As the National Park Service prepares to close most of the roads in Yellowstone National Park for the winter season, the new Yellowstone River Bridge is reaching a crucial milestone.
Steel beams are being installed across the 1,285-foot expanse. That brings the project closer to its November 2026 target, but traffic will cross the bridge before that.
“All the steel girders are on site,” Daniel Rhodes, a landscape architect with Facility Management and Operations in Yellowstone, said in an interview with Cowboy State Daily. “Weather permitting, we hope to have them all set right before Thanksgiving.”
The existing bridge is 604 feet-long, while the new bridge is 1,285 feet-long and sits 180 feet above the river.
Making the new bridge taller was an easier, safer and less intrusive option for the road corridor, according to Rhodes.
“The pillars allow the bridge deck to be up to the top of the Yellowstone River Canyon,” Rhodes said. “This minimized the excavation we had to do on each side of the bridge.

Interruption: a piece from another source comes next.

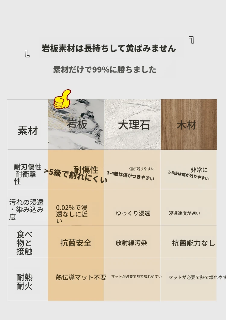 2.2*1.0メートルダイニングテーブル抗菌岩板
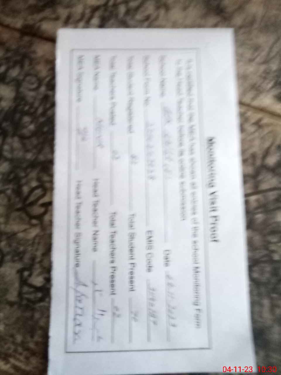 | Attendance Register | Head Teacher | MEA with School | Visit Proof |

The old bridge drops down the steep grade on both approaches. The new design was done to keep the grades level.”
The Yellowstone River Bridge project is one of the most expensive construction projects in Yellowstone’s history with a price tag of $118 million.
Funding will be available thanks to the passage of the Great American Outdoors Act. The act allocates funding to address the maintenance backlog in national parks.